California has some of the most worker-friendly employment laws in the nation, yet many employees still experience wage theft in the workplace. Employees may try to resolve the matter by taking it to the boss, but in many cases, the unlawful conduct continues.
Although wage theft can happen in any job, those earning low wages are often more at risk than high-wage earners. Some employers believe they can get away with stealing employee pay because low paid workers may be more likely to fear losing their job if they say anything or may not realize there’s anything wrong.
How do you know it’s theft?
Employers must pay their personnel for all the time they spend on duty in a pay period. They are not allowed to take illegal pay deductions and may not penalize workers by withholding earnings.

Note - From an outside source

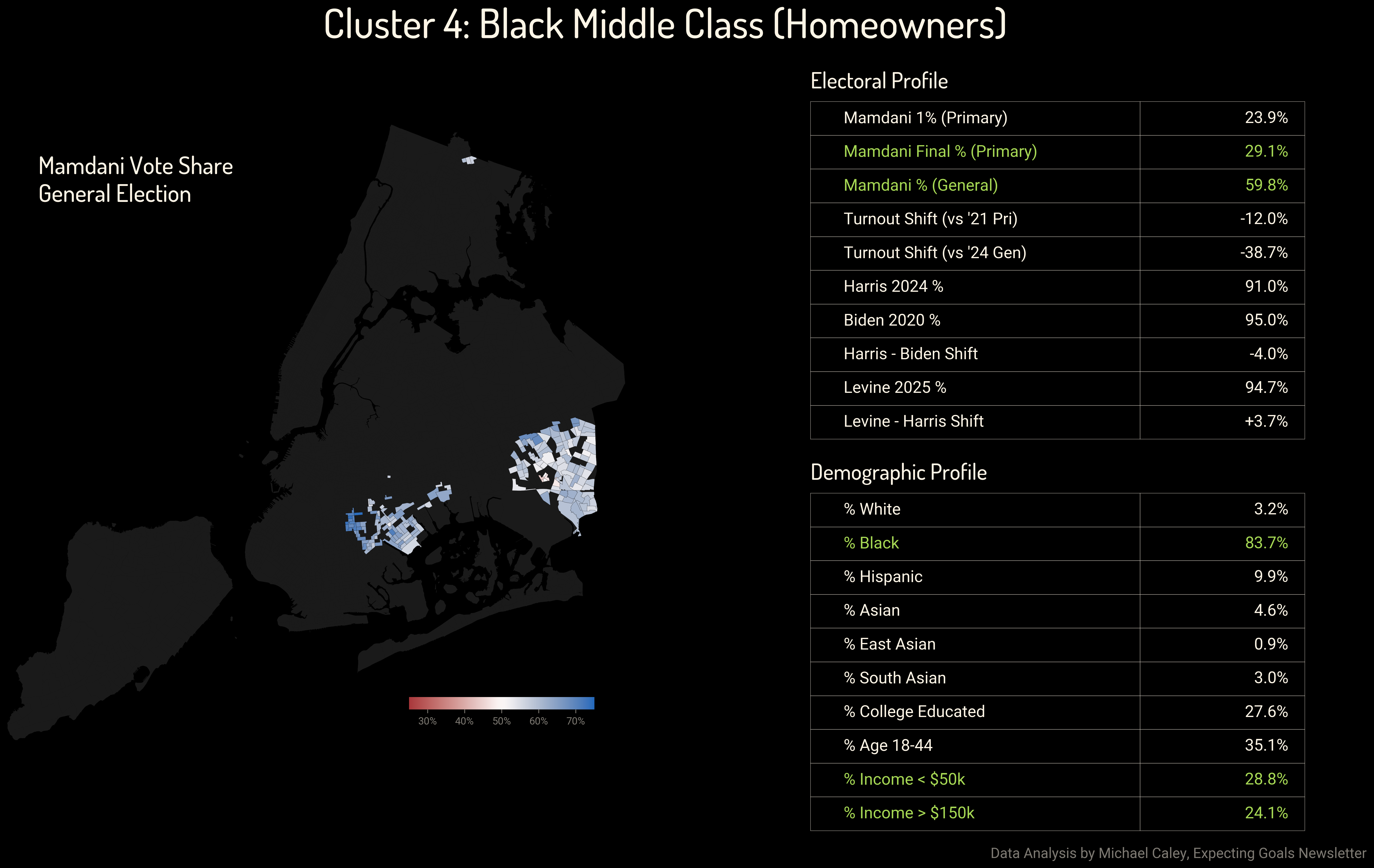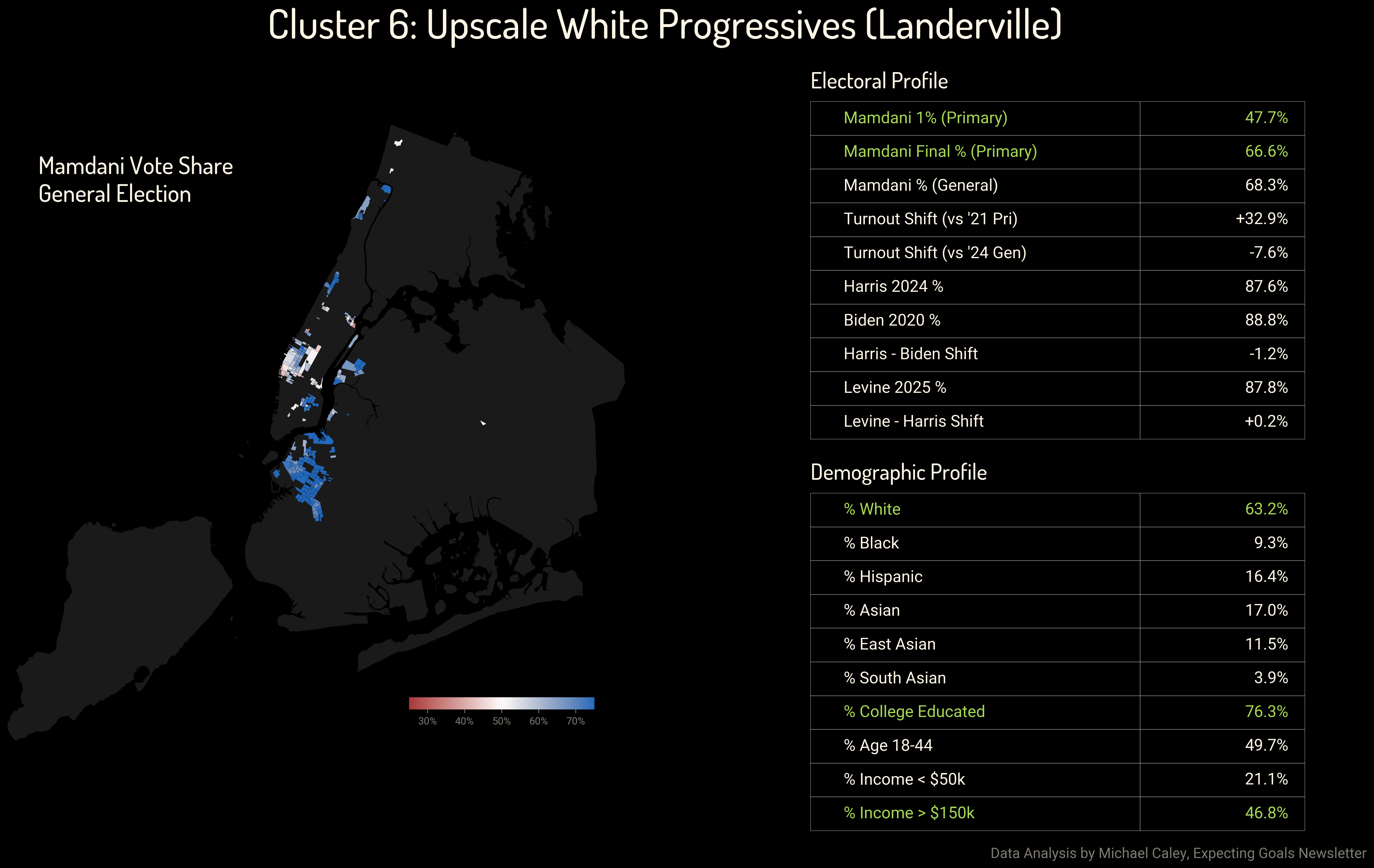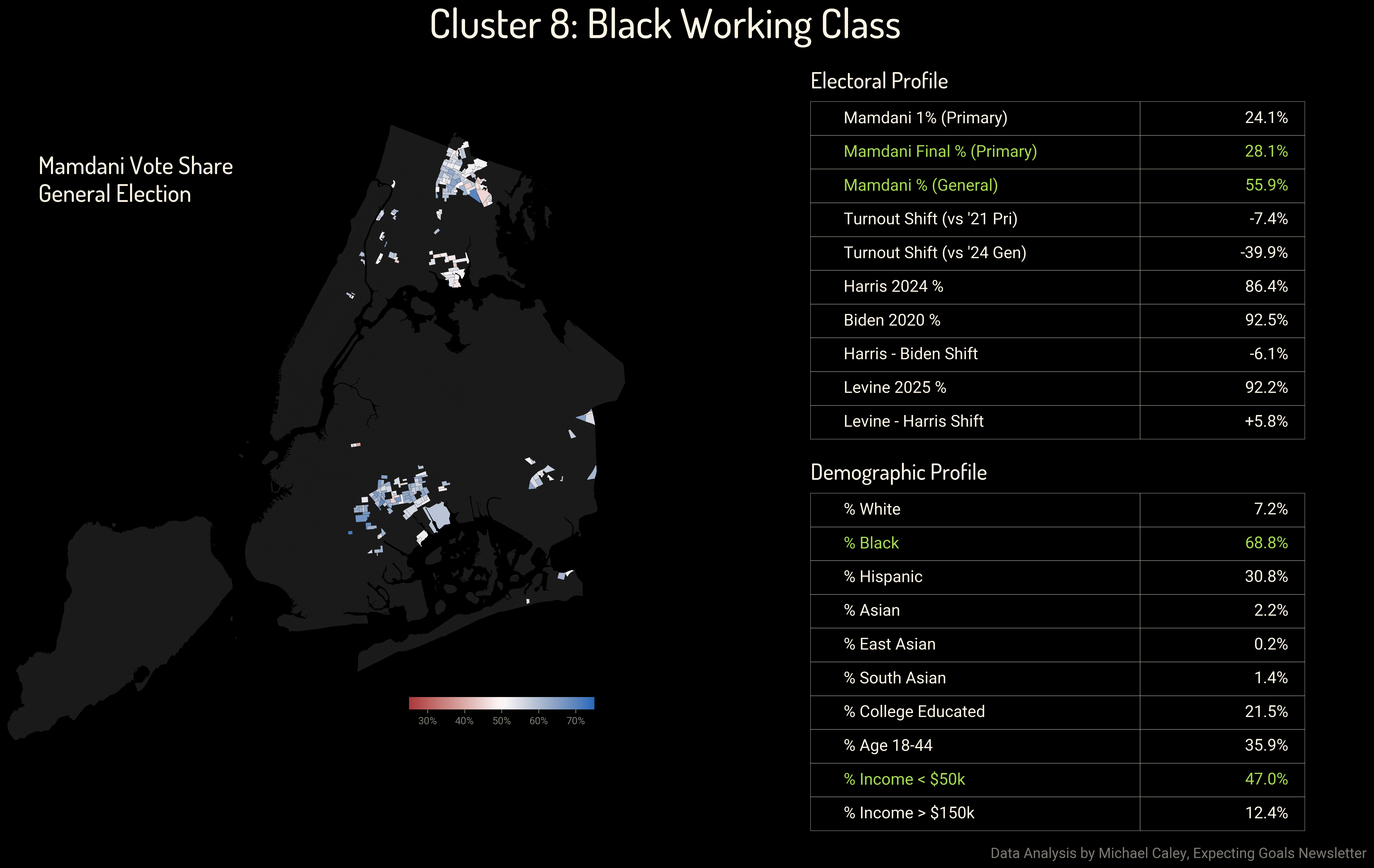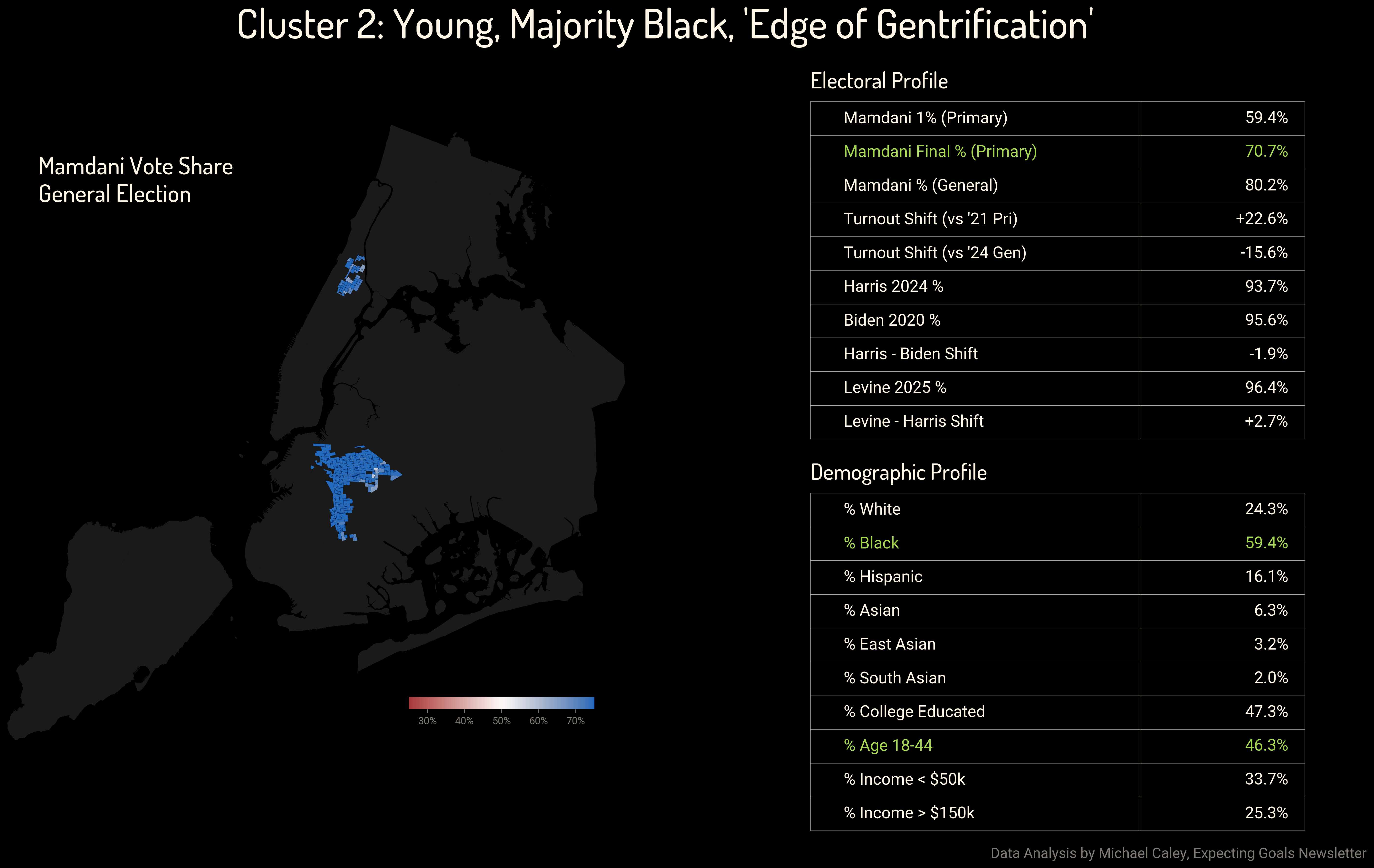 Mamdani put up margins of 60 points and more in these districts, amid surging voter turnout. This cluster also has the highest percentage of younger adults of any that the model identified. It is professional-class and highly educated but not exceptionally high-income. These are areas with multiple Democratic Socialist local representatives already, and it is hardly surprising they supported a DSA Mayoral candidate.

Other examples of employer wage theft under California law include the following:
- Taking tips from employees
- Bouncing employee paychecks
- Not reimbursing covered work expenses
- Paying less than the state minimum wage
- Not paying state-mandated overtime wages
- Not allowing employees to use their paid sick leave
A little-known type of wage theft occurs if employers deny their workers proper meal and rest breaks.
What can you do about it?
As mentioned above, many people hesitate to seek a remedy for wage theft because they fear losing their jobs or suffering employer retaliation. However, following a formal plan or procedure can protect you against wrongful termination and retaliation.
Keep an eye on your wages, report incorrect pay to your employer (every time it happens) and ask for a solution. Doing this shows you tried to have the matter corrected multiple times. Keeping a log or record of employer theft and your efforts to correct it can strengthen your case and deter retaliation.
If your employer continues stealing your wages, you may have enough evidence to seek a legal remedy and obtain your lost pay.